[Exercise materials Boundary: Start]
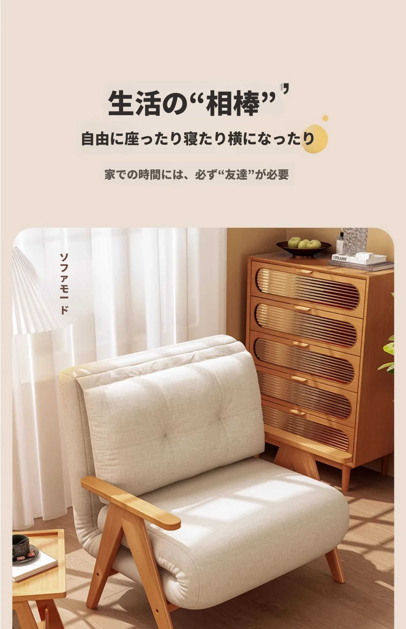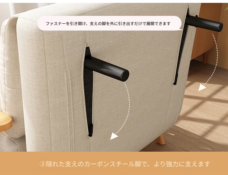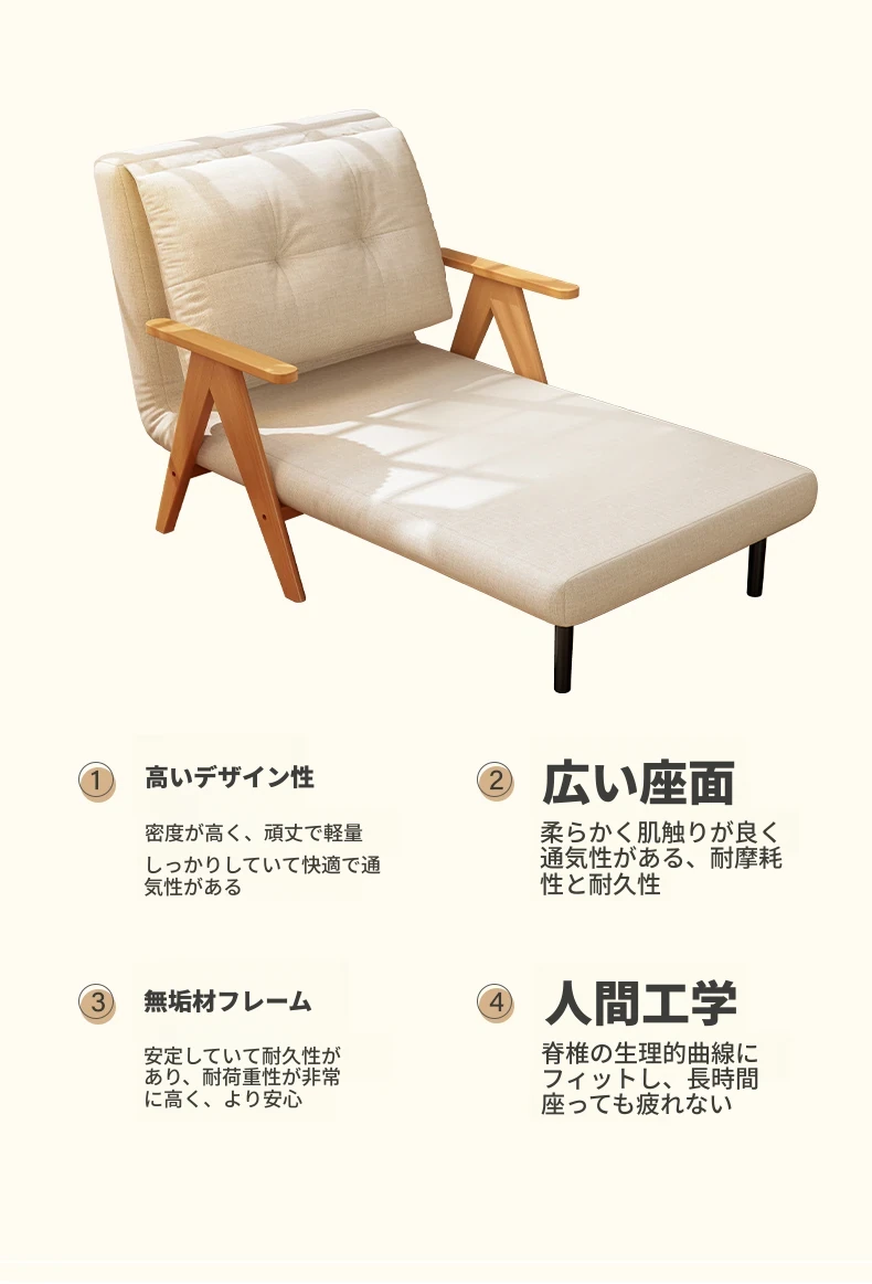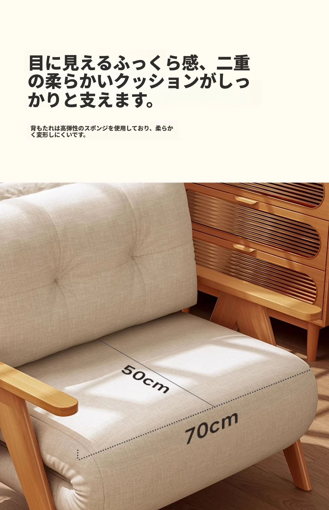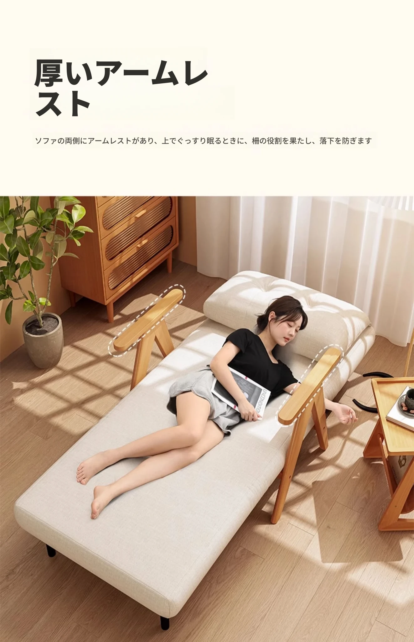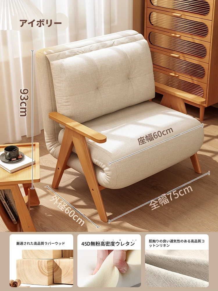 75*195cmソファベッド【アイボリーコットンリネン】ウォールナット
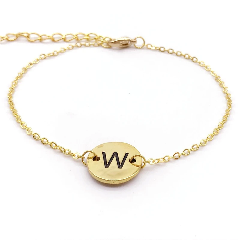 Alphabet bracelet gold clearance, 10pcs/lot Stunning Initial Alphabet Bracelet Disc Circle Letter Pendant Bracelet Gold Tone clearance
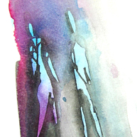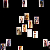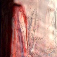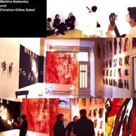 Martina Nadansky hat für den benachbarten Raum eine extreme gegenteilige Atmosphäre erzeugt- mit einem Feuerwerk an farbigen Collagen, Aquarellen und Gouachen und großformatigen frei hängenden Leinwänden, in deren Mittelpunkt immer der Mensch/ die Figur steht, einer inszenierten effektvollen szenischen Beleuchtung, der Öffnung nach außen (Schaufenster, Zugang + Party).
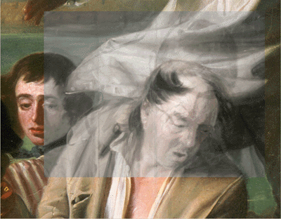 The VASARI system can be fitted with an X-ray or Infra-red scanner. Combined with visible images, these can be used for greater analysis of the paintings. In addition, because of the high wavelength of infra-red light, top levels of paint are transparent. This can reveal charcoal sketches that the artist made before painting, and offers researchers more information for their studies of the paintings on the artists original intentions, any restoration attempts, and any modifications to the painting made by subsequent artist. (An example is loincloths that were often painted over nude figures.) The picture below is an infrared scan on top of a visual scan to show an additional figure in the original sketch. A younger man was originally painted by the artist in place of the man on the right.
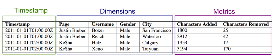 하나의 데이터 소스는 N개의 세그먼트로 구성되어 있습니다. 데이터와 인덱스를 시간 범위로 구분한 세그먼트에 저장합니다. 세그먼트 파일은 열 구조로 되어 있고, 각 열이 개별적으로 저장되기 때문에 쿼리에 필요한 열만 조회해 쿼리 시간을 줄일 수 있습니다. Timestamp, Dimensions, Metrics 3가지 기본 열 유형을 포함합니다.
[Exercise materials Boundary: End]
About this task.
How would the lines above read from the one with "Alphabet bracelet gold" to the one with "Martina Nadansky hat", inclusive, with no pictures? Write them out exactly.

Answer space.
 Alphabet bracelet gold clearance, 10pcs/lot Stunning Initial Alphabet Bracelet Disc Circle Letter Pendant Bracelet Gold Tone clearance
 Martina Nadansky hat für den benachbarten Raum eine extreme gegenteilige Atmosphäre erzeugt- mit einem Feuerwerk an farbigen Collagen, Aquarellen und Gouachen und großformatigen frei hängenden Leinwänden, in deren Mittelpunkt immer der Mensch/ die Figur steht, einer inszenierten effektvollen szenischen Beleuchtung, der Öffnung nach außen (Schaufenster, Zugang + Party).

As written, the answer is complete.